Before: Hoekstra, P.J., and Bandstra and Donofrio, JJ.
PER CURIAM.
In this child custody case, plaintiff appeals as of right the trial court’s order denying her
motion to modify parenting time. Plaintiff also appeals the trial court’s custody order, which
granted defendant parenting time and joint legal custody of the parties’ son. Because we
conclude that the trial court did not commit clear legal error or make factual findings against the
great weight of the evidence, we affirm the custody order. In addition, because we conclude that
the trial court did not abuse its discretion in denying plaintiff a hearing on her motion to modify
parenting time, we affirm the trial court’s order denying the motion.

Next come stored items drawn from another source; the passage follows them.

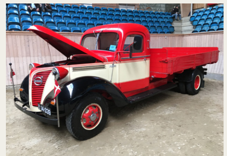
Volvo Lastbil fra 1939. Kilometertælleren viste 915.594 km!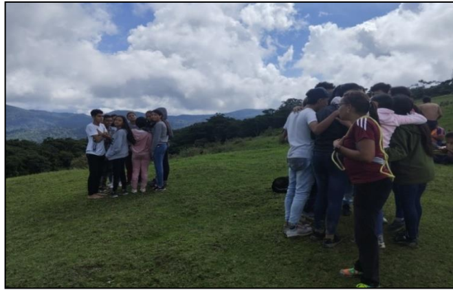
Mientras unos conversaban para llegar a acuerdos otros observaban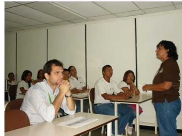
Convención Regional - Sub Campus Amazonas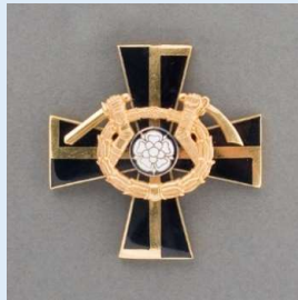
Vapaudenristin 2.lk Mannerheim-risti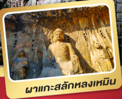
พวาทะสลักหลงเหมิน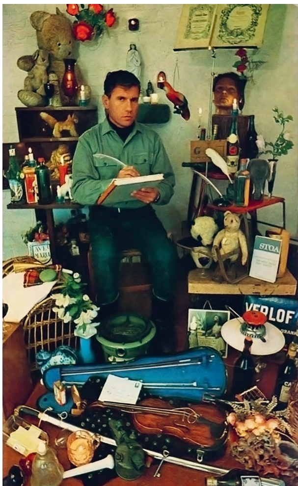
OMSLAG VAN GERARD REVES NADER TOT U, 1966

Een bijzondere categorie is in dit opzicht die van het zelfportret. Dit is vooral een interessant genre voor dubbeltalenten: in sommige gevallen wil de schilderende schrijver iets laten zien wat in het literaire werk verborgen blijft, in andere gevallen versterkt het beeld juist de literaire bedoeling, en ontstaat een poëticaal portret. Al in 1633 zond Anna Maria van Schurman bijvoorbeeld haar geëtste zelfportret – voorzien van Latijnse verzen, waarmee ze haar literaire positie claimde – naar diverse eigentijdse dichters op wie ze indruk wilde maken. François HaverSchmidt liet een gefictionaliseerd portret van zijn alter ego Piet Paaltjens, de bleke jongeling, maken, dat hij voorin zijn Snikken en grimlachjes (1867) publiceerde. De dichter J.C. van Schagen beweerde ooit de schilderkunst te prefereren boven de letteren vanwege de 'zuiverheid' van het beeld. Ondanks die uitgesproken voorkeur zorgde hij er wel voor zich te portretteren met een imposante boekenkast op de achtergrond. Jan Cremer wilde zichzelf juist helemaal niet intellectueel voorstellen aan de wereld: zijn zelfportret is opgesierd met beelden van een olielamp en een bierfles, als beknopte autobiografie van de jonge bohemien.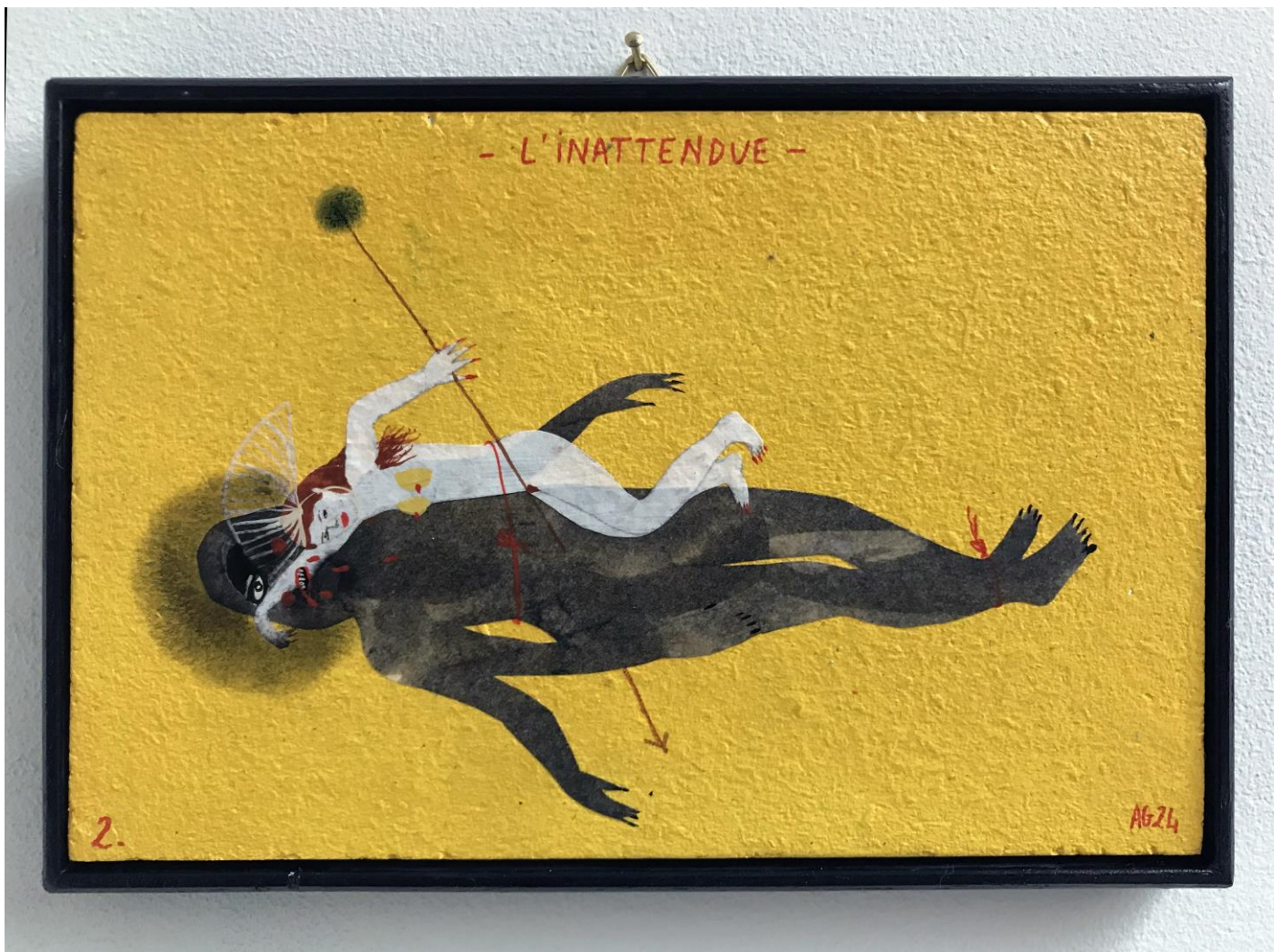
« L'inattendue » (2)

2024, tech mixte sur bois / mixed media on wood, 11x16cm

Following a child custody hearing, the trial court granted the parties joint legal custody of
their son and awarded plaintiff sole physical custody. The trial court awarded defendant
parenting time. This Court must affirm a child custody order unless the trial court made findings
of fact against the great weight of the evidence, committed a palpable abuse of discretion, or
made a clear legal error on a major issue. MCL 722.28; Berger v Berger, 277 Mich App 700,
705; 747 NW2d 336 (2008). A trial court commits clear legal error when it incorrectly chooses,
interprets, or applies the law. Powery v Wells, 278 Mich App 526, 527; 752 NW2d 47 (2008).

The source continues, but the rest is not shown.